This does make the supply from meteorites extremely rare. The largest specimens tend to live in museums, or in private collections-- and they’ve been there for decades. Interest in meteorites is not a new concept to human history, either. Iron beads from meteorites have been found in the tombs of the Ancient Egyptians, making some of the oldest ironwork in history being used with metal from space. 

The meteorite we source our beads from is the famous Muonionalusta meteorite, which was found in Sweden at the beginning of the 20th century. This meteorite is estimated to be over one million years old, making it some of the oldest material you can ever hold! We’ve restocked our meteorite bead pairs, as well as added a brand-new set of silver-plated meteorite beads. These new beads do not require the same kind of upkeep that unplated beads do, as they will not oxidize the same way as raw iron will. You can read more about the Muonionalusta meteorite here, as well as the care of meteorite beads here if you prefer the untreated kinds. 
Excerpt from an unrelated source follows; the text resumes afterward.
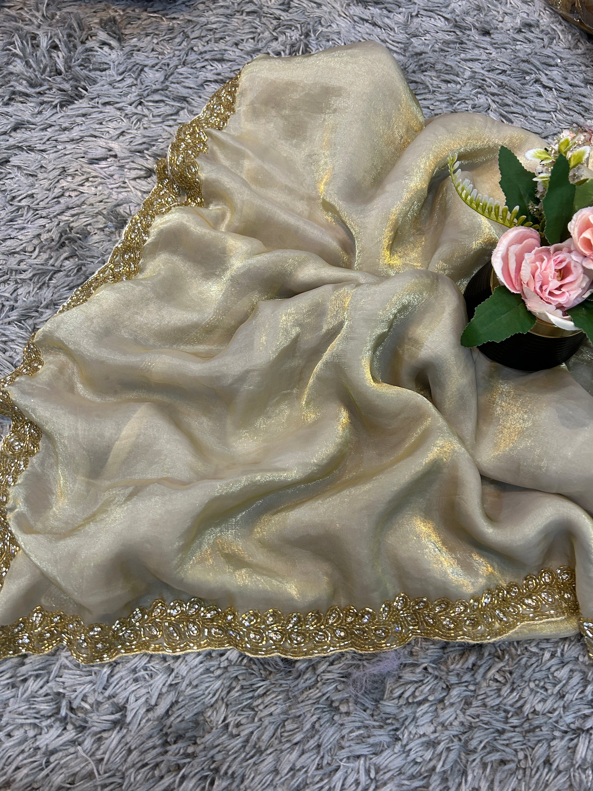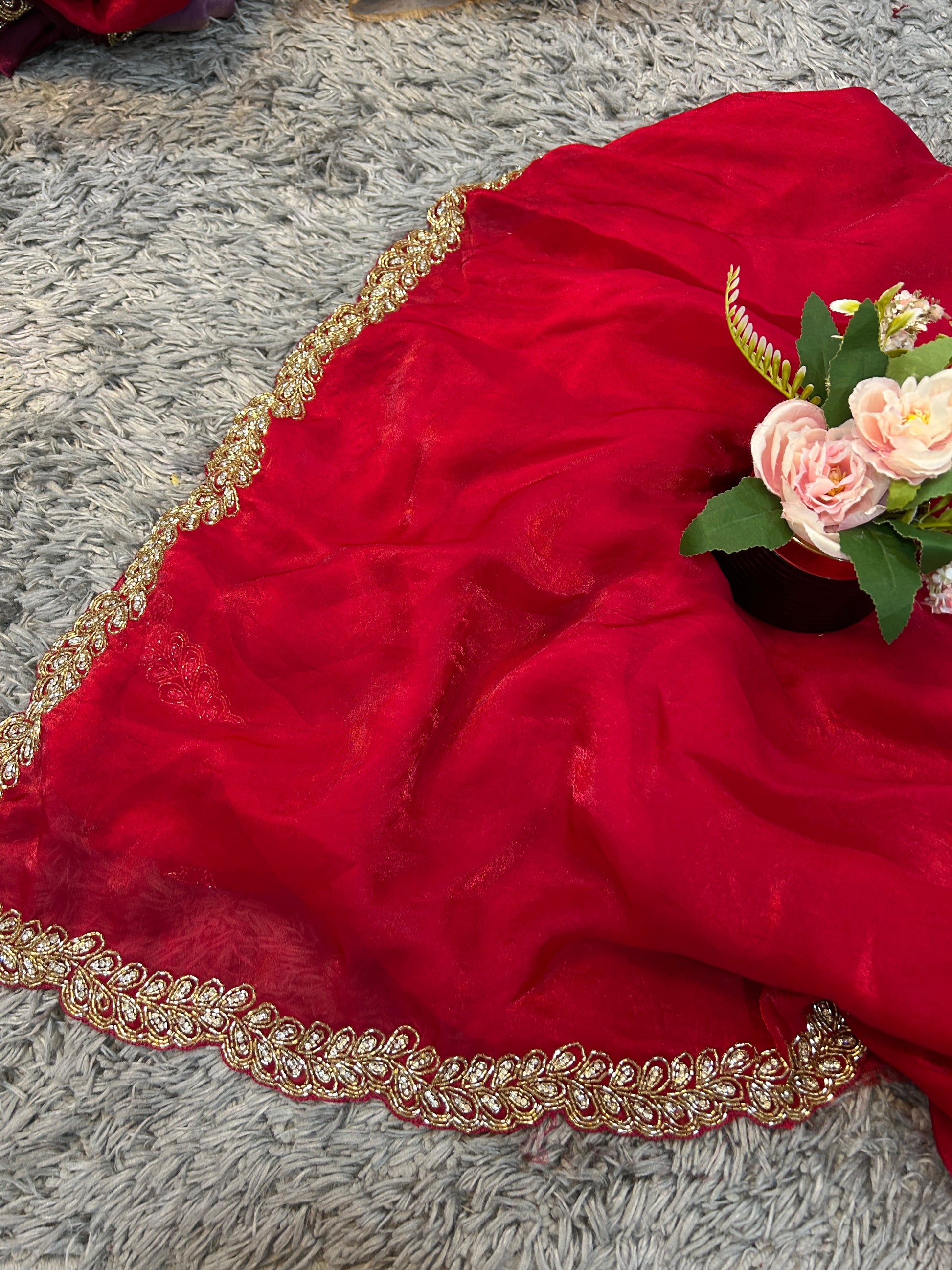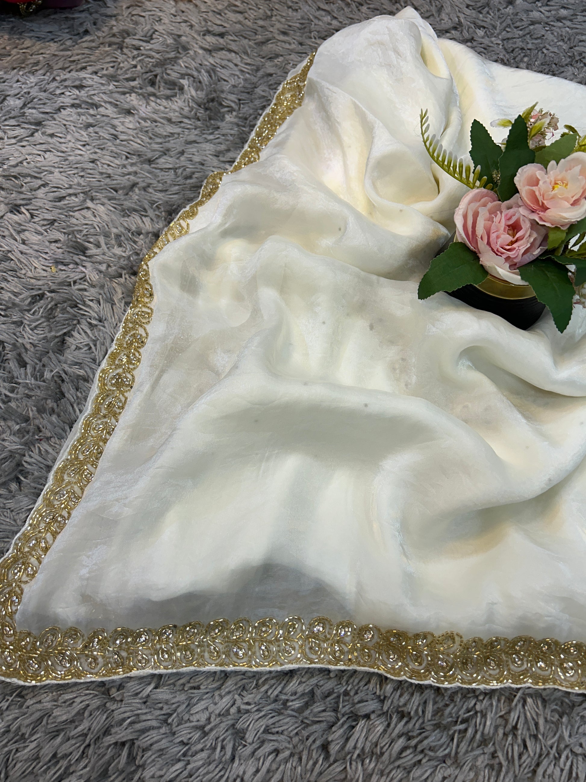 Elevate your poise and presence with this exquisite creation — a perfect marriage of sumptuous texture and luminous elegance. Crafted in luxurious velvet satin, this saree offers the rich plushness of velvet with the subtle sheen of satin, resulting in a fabric that drapes beautifully and catches light with refined grace.

Meteorites rarely actually impact the earth, thanks to the gravitational pull from our moon and our atmosphere. Impact events only happen around twice a century, with the most recent meteorite flying through the Russian skyline in 2013 (which you likely recall, because international media coverage was abundant). The effects of an impact can be devastating, because even meteorites considered relatively “small” (only a yard or two across) can create massive craters on the surface of the earth. You can travel to one particularly well-preserved impact site located in Arizona, off of Route 66. It is thought that such large-scale impact sites like the one in Arizona were a leading cause of planet-wide extinction at the end of the Mesozoic era.  

Fossils and petrified wood have helped us better understand the earth and its inhabitants before the end of the Mesozoic era. Over time, the organic material is replaced with other minerals, but the shape (sometimes even the very cell structure) remains as evidence of life. Jet, and some samples of petrified wood, come from organic material that was put under massive amounts of pressure over millions of years. Jet is a precursor to coal, and the high carbon content gives it its lustrous black tone.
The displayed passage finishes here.